I get SERVFAIL for both plain port 53 queries as well as TLS queries (port 853). I’m in Hobart, Australia (Telstra). Interestingly, if I connect over cellular, the SERVFAIL errors go away. My cellular connection exits in Melbourne, Australia, so could be hitting different Cloudflare DNS servers.

Example queries:

mail.google.com:

% dig mail.google.com @1.1.1.1      

; <<>> DiG 9.16.44-Debian <<>> mail.google.com @1.1.1.1
;; global options: +cmd
;; Got answer:
;; ->>HEADER<<- opcode: QUERY, status: SERVFAIL, id: 13229
;; flags: qr rd ra; QUERY: 1, ANSWER: 0, AUTHORITY: 0, ADDITIONAL: 1

;; OPT PSEUDOSECTION:
; EDNS: version: 0, flags:; udp: 1232
; EDE: 22 (No Reachable Authority)
;; QUESTION SECTION:
;mail.google.com.		IN	A

;; Query time: 8 msec
;; SERVER: 1.1.1.1#53(1.1.1.1)
;; WHEN: Fri Oct 20 10:40:00 AEDT 2023
;; MSG SIZE  rcvd: 50

cloud.feedly.com:

dig cloud.feedly.com @1.1.1.1  

; <<>> DiG 9.16.44-Debian <<>> cloud.feedly.com @1.1.1.1
;; global options: +cmd
;; Got answer:
;; ->>HEADER<<- opcode: QUERY, status: SERVFAIL, id: 30379
;; flags: qr rd ra; QUERY: 1, ANSWER: 0, AUTHORITY: 0, ADDITIONAL: 1

;; OPT PSEUDOSECTION:
; EDNS: version: 0, flags:; udp: 1232
; EDE: 22 (No Reachable Authority)
;; QUESTION SECTION:
;cloud.feedly.com.		IN	A

;; Query time: 12 msec
;; SERVER: 1.1.1.1#53(1.1.1.1)
;; WHEN: Fri Oct 20 10:47:42 AEDT 2023
;; MSG SIZE  rcvd: 51

But google.com is fine:

dig google.com @1.1.1.1

; <<>> DiG 9.16.44-Debian <<>> google.com @1.1.1.1
;; global options: +cmd
;; Got answer:
;; ->>HEADER<<- opcode: QUERY, status: NOERROR, id: 22066
;; flags: qr rd ra; QUERY: 1, ANSWER: 1, AUTHORITY: 0, ADDITIONAL: 1

;; OPT PSEUDOSECTION:
; EDNS: version: 0, flags:; udp: 1232
;; QUESTION SECTION:
;google.com.			IN	A

;; ANSWER SECTION:
google.com.		61	IN	A	142.250.70.238

;; Query time: 8 msec
;; SERVER: 1.1.1.1#53(1.1.1.1)
;; WHEN: Fri Oct 20 10:48:18 AEDT 2023
;; MSG SIZE  rcvd: 55

Normally, Cloudflare DNS is bullet proof.
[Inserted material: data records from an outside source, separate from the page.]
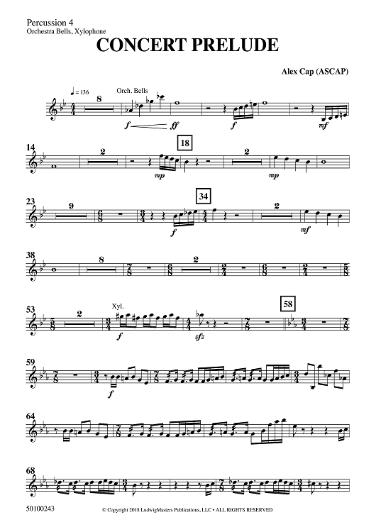 Digital Sheet Music for Concert Prelude - Percussion 4 by Alex Cap scored for Symphonic Band; id:508913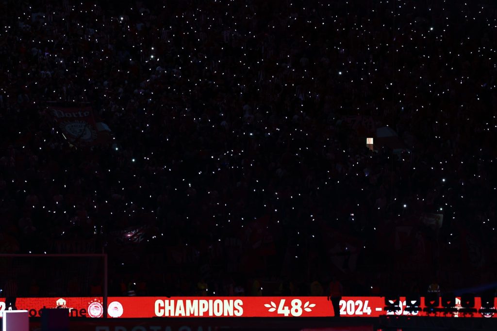 Πριν ξεκινήσει η απονομή, οι φίλοι των Πειραιωτών, οι οποίοι είχαν γεμίσει ασφυκτικά το Γ.Καραϊσκάκης, έφτιαξαν μια πολύ όμορφη ατμόσφαιρα με βραχιόλια που φώτιζαν, δημιουργώντας πολύ όμορφη ατμόσφαιρα και συμμετέχοντας με τον δικό του τρόπου στους πανηγυρισμούς για το 48ο πρωτάθλημα.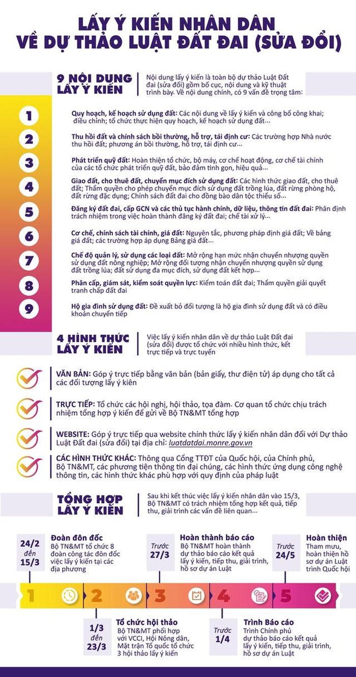Nội dung lấy ý kiến dự thảo Luật Đất đai (sửa đổi). Đồ họa Bộ TNMT

I can’t see any reports of issues - is there something that needs investigating?

That could very well be hitting different Cloudflare locations.

You could try including “+nsid” with your dig query, which would also return an unique ID for the deployment you reach.
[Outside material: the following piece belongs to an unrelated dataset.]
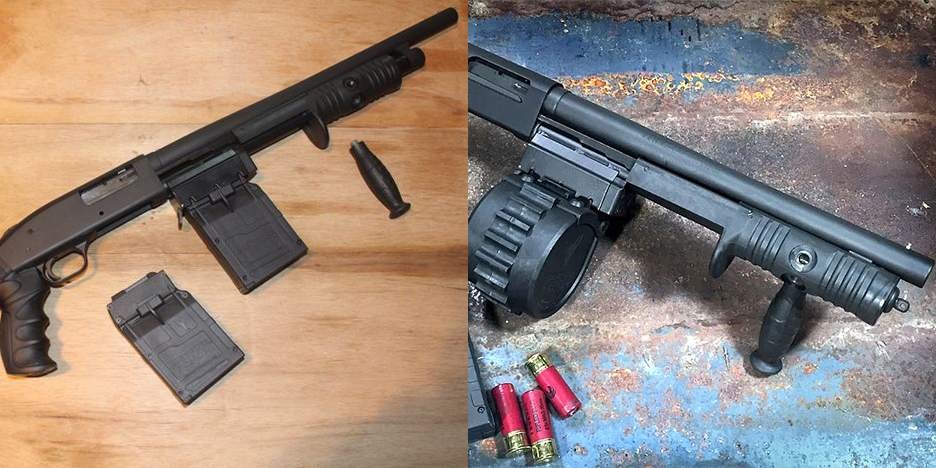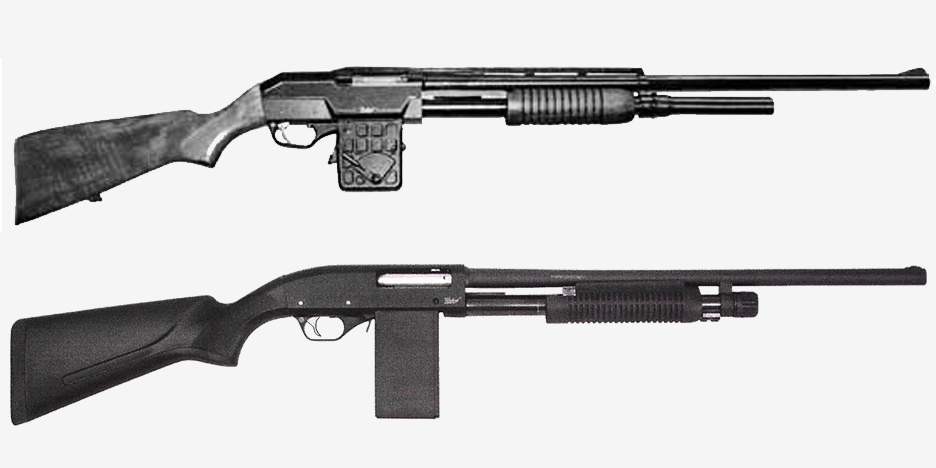 Разумеется, прежде всего речь идёт о Mossberg 590 M ® Mag-Fed: конструкторы компании сумели преодолеть значительную часть сложностей, связанных с надёжной подачей. Покупателям предлагаются двухрядные магазины ёмкостью пять, десять, 15 и 20 патронов; в сборе такое изделие выглядит поистине устрашающе.

Alternatively, also dig for the “CH TXT id.server”, to get the location code you’re reaching.

E.g. dig +nsid CH TXT id.server:

$ dig +nsid CH TXT id.server @1.1.1.1

; <<>> DiG 9.16.42-Debian <<>> +nsid CH TXT id.server @1.1.1.1
;; global options: +cmd
;; Got answer:
;; ->>HEADER<<- opcode: QUERY, status: NOERROR, id: 44517
;; flags: qr rd ra; QUERY: 1, ANSWER: 1, AUTHORITY: 0, ADDITIONAL: 1

;; OPT PSEUDOSECTION:
; EDNS: version: 0, flags:; udp: 1232
; NSID: 36 35 6d 38 31 ("65m81")
;; QUESTION SECTION:
;id.server.                     CH      TXT

;; ANSWER SECTION:
id.server.              0       CH      TXT     "CPH"

;; Query time: 4 msec
;; SERVER: 1.1.1.1#53(1.1.1.1)
;; WHEN: Fri Oct 20 02:12:22 CEST 2023
;; MSG SIZE  rcvd: 63

In this case, the query reaches CPH (Copenhagen/DK), with the NSID “65m81”.

$ dig +nsid CH TXT id.server @1.0.0.1

; <<>> DiG 9.16.42-Debian <<>> +nsid CH TXT id.server @1.0.0.1
;; global options: +cmd
;; Got answer:
;; ->>HEADER<<- opcode: QUERY, status: NOERROR, id: 47746
;; flags: qr rd ra; QUERY: 1, ANSWER: 1, AUTHORITY: 0, ADDITIONAL: 1

;; OPT PSEUDOSECTION:
; EDNS: version: 0, flags:; udp: 1232
; NSID: 33 37 36 6d 35 33 ("376m53")
;; QUESTION SECTION:
;id.server.                     CH      TXT

;; ANSWER SECTION:
id.server.              0       CH      TXT     "LHR"

;; Query time: 44 msec
;; SERVER: 1.0.0.1#53(1.0.0.1)
;; WHEN: Fri Oct 20 02:12:36 CEST 2023
;; MSG SIZE  rcvd: 64

Here, by routing 1.0.0.1 through a VPN connection, the query reaches LHR (London/UK), with the NSID “376m53”.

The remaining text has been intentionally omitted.